ステータ翼71の静翼部本体70Hからの翼高さが余り高くない場合には、内・外周支持部75、76を設ける必要が無い。
これにより、金型を安価にし、かつ、生産効率を高くすることができる。
分割静翼部70A、70Bの一方にのみ屈曲部72b3を設けても、屈曲部が形成されていない構造に比し、屈曲部72a3と72b3との突き合わせ作業が容易となり、静翼部70の組付け作業を効率的に行うことができる。

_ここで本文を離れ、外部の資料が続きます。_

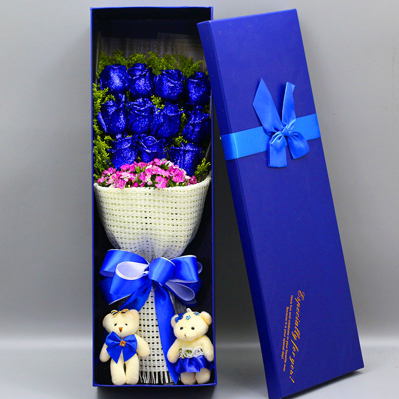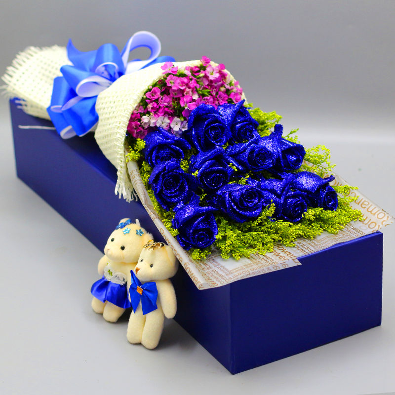 花材: 11枝蓝色妖姬,一对情侣小熊,搭配相思梅、黄莺点缀。

実施形態3においても、実施形態1と同様の作用効果を奏することができる。
その他は、実施形態1と同様であり、対応する構成に同一の符号を付して説明を省略する。
なお、実施形態3において、分割静翼部70A、70Bの内・外周周側部の一方のみに、内・外周支持部75、76を設け、他方には、内・外周支持部75、76を設けないようにしてもよい。
上述した通り、静翼部70は、ロータ4の軸方向と平行に多段に配設されており、上段側における静翼部70は、下段側における静翼部70に対し、ステータ翼71の翼高さが高く形成されている。

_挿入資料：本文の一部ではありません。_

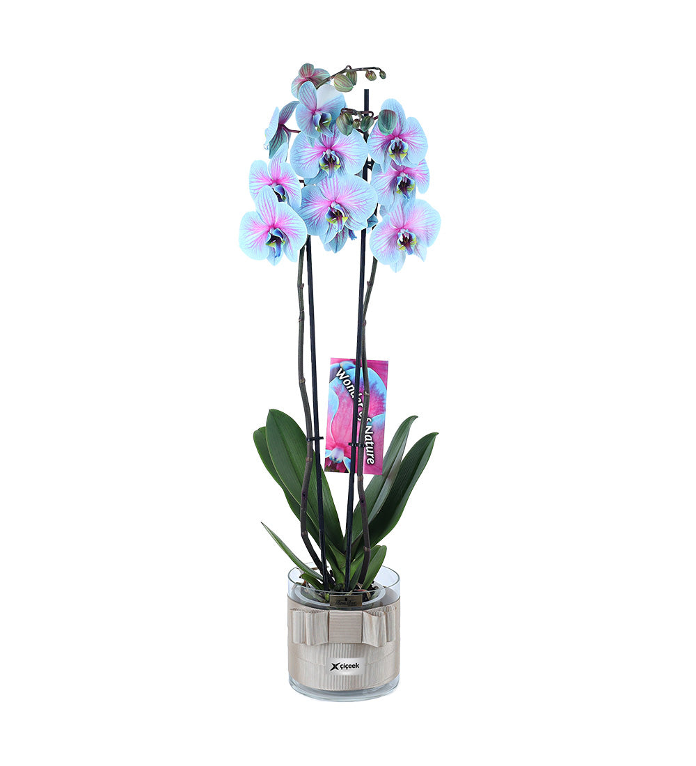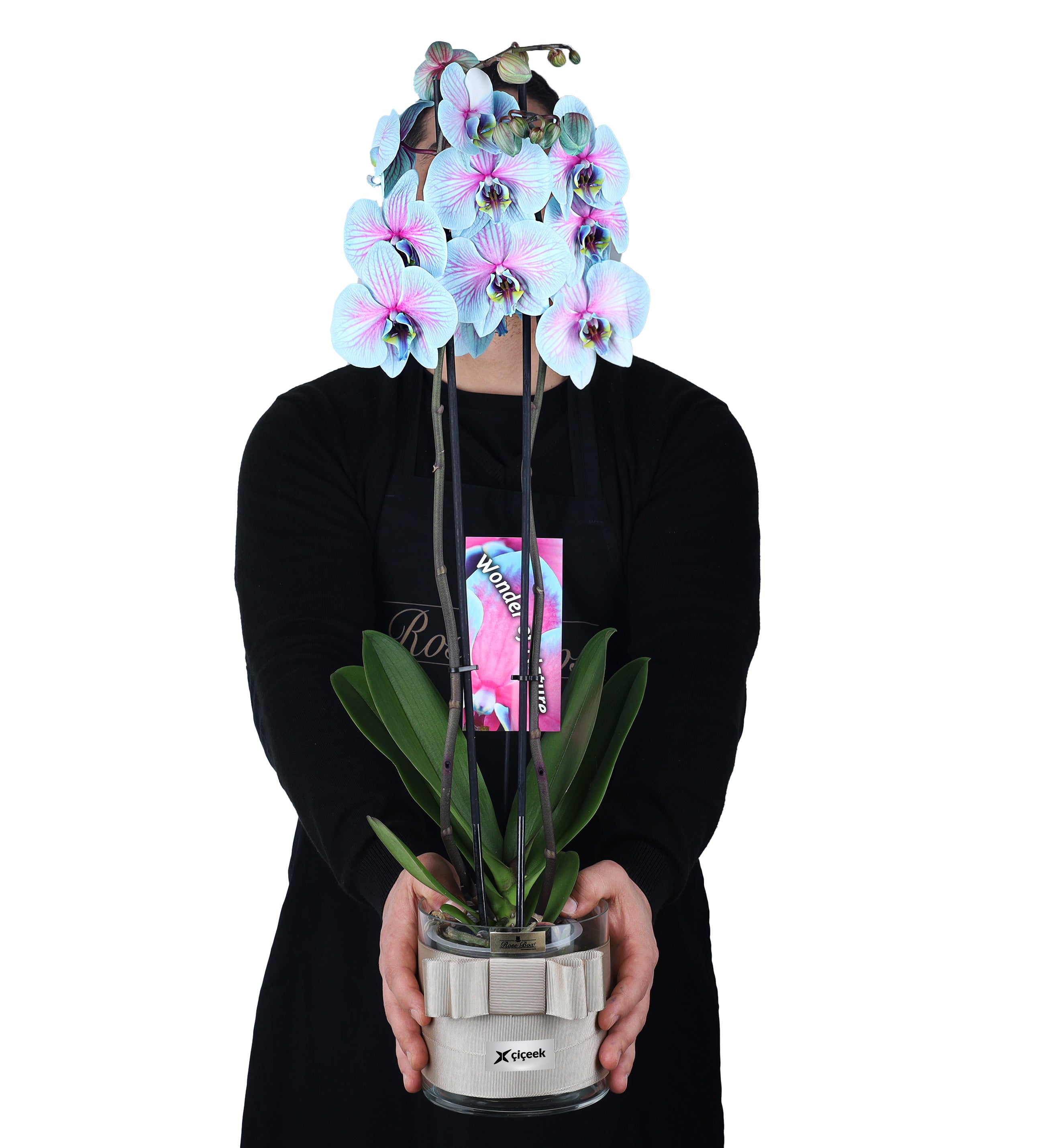 Hayal gücünün sınırlarını zorlayan bir çiçekle tanışın! "Wonder" serisi orkideler, pembe ve mavinin en masalsı tonlarını tek bir çiçekte buluşturarak adeta bir harikalar diyarı yaratır. Bu 2 dallı özel orkide, eşi benzeri olmayan, fantastik ve unutulmaz bir hediye arayanlar içindir.

このため、実施形態1〜3に示した静翼部70を段毎に異なるものとしてもよい。例えば、上段側から下段側に向けて、順に、実施形態1の静翼部70、実施形態2の静翼部70、実施形態3の静翼部70を配列することができる。また、最上段のステータ翼71aを機械加工により作製された静翼部70としてもよい。

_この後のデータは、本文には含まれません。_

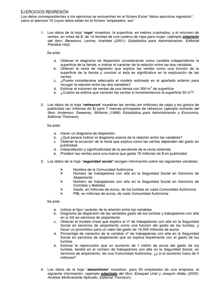 Los datos correspondientes a los ejercicios se encuentran en el fichero Excel “datos ejercicios regresión”,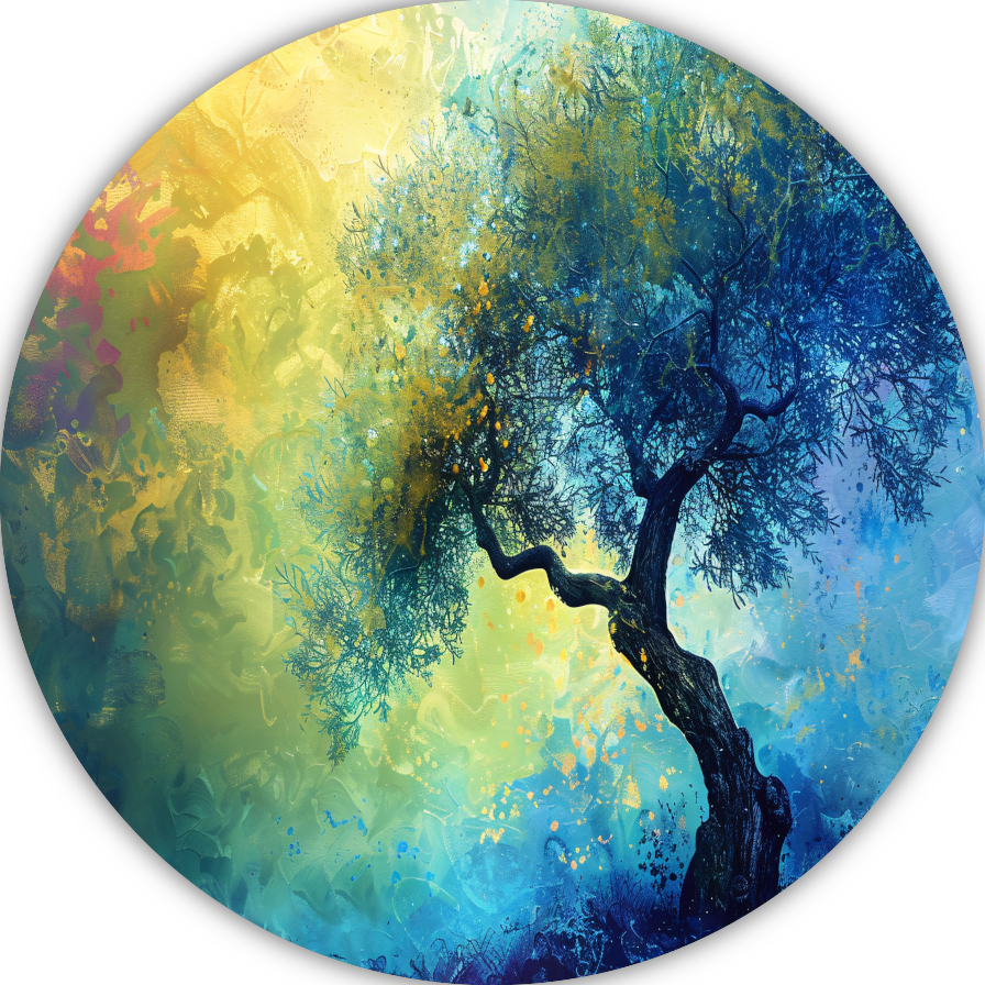 Kleurrijke Abstracte Boom aluminium muurcirkel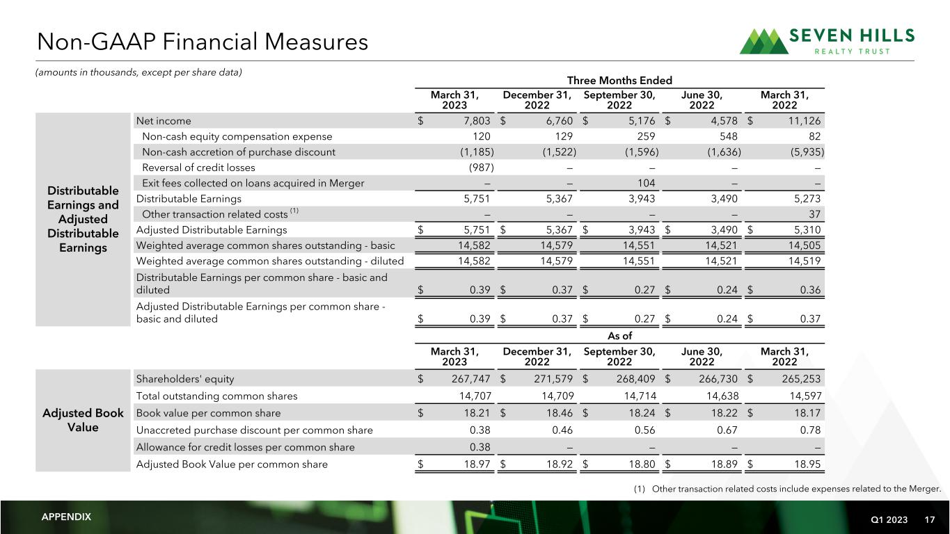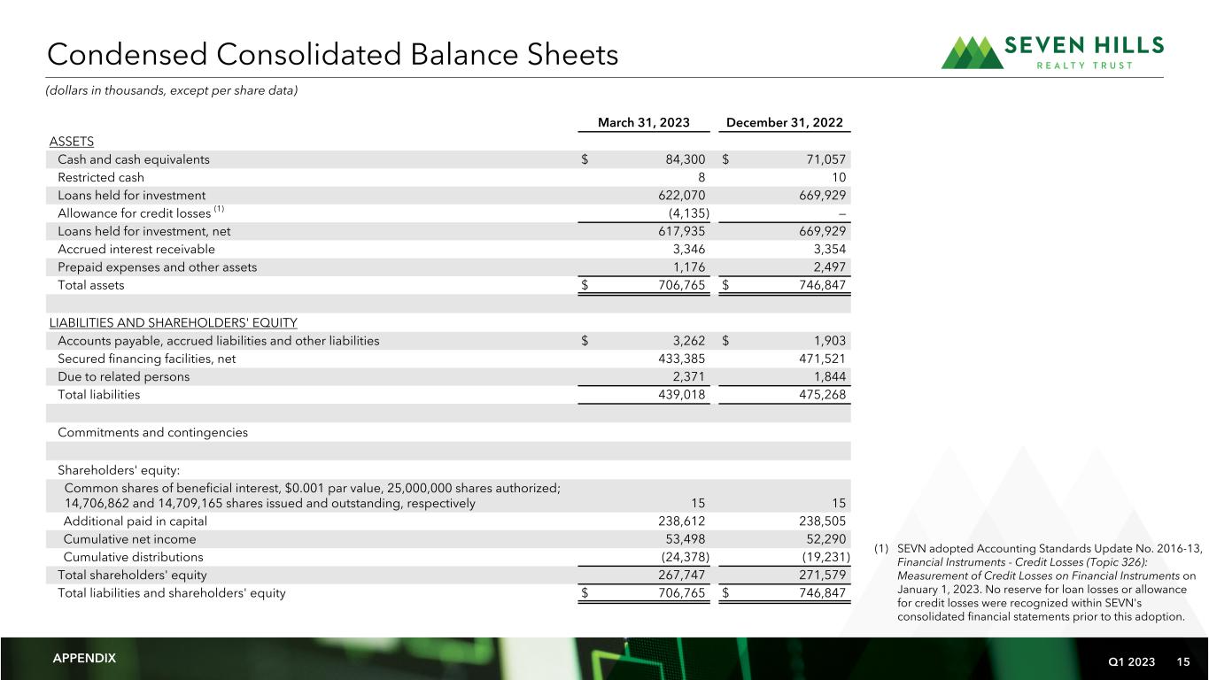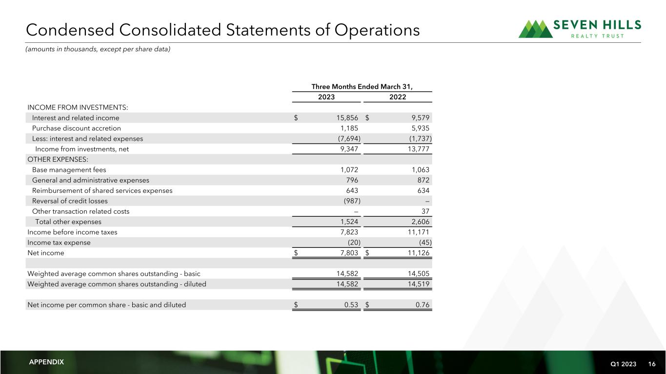 Q1 2023 15 Financial Summary March 31, 2023 December 31, 2022 ASSETS   Cash and cash equivalents $ 84,300 $ 71,057 Restricted cash 8 10 Loans held for investment 622,070 669,929 Allowance for credit losses (1) (4,135) — Loans held for investment, net 617,935 669,929 Accrued interest receivable 3,346 3,354 Prepaid expenses and other assets 1,176 2,497 Total assets $ 706,765 $ 746,847 LIABILITIES AND SHAREHOLDERS' EQUITY Accounts payable, accrued liabilities and other liabilities $ 3,262 $ 1,903 Secured financing facilities, net 433,385 471,521 Due to related persons 2,371 1,844 Total liabilities 439,018 475,268 Commitments and contingencies Shareholders' equity: Common shares of beneficial interest, $0.001 par value, 25,000,000 shares authorized; 14,706,862 and 14,709,165 shares issued and outstanding, respectively 15 15 Additional paid in capital 238,612 238,505 Cumulative net income 53,498 52,290 Cumulative distributions (24,378) (19,231) Total shareholders' equity 267,747 271,579 Total liabilities and shareholders' equity $ 706,765 $ 746,847 Condensed Consolidated Balance Sheets (dollars in thousands, except per share data) APPENDIX (1) SEVN adopted Accounting Standards Update No. 2016-13, Financial Instruments - Credit Losses (Topic 326): Measurement of Credit Losses on Financial Instruments on January 1, 2023. No reserve for loan losses or allowance for credit losses were recognized within SEVN's consolidated financial statements prior to this adoption.

上記において、外周リム73a、73bに設ける切欠きKは、すべての段の静翼部70に設ける必要もなく、少なくとも1つの段の静翼部70にのみ設けるようにすればよい。
分割静翼部70A、70Bの各々の外周リム73a、73bの一方の側端部に切欠きKを設けた構造として例示したが、切欠きKは、外周リム73a、73bの両方の側端部に設けてもよい。
また、分割静翼部70A、70Bは、半割でなく、複数に分割されたものであればよい。
上記一実施の形態では、真空ポンプとして翼排気部とねじ溝排気部を備えた複合型のターボ分子ポンプで例示した。しかし、本発明は、翼排気部のみを備える真空ポンプにも適用することができる。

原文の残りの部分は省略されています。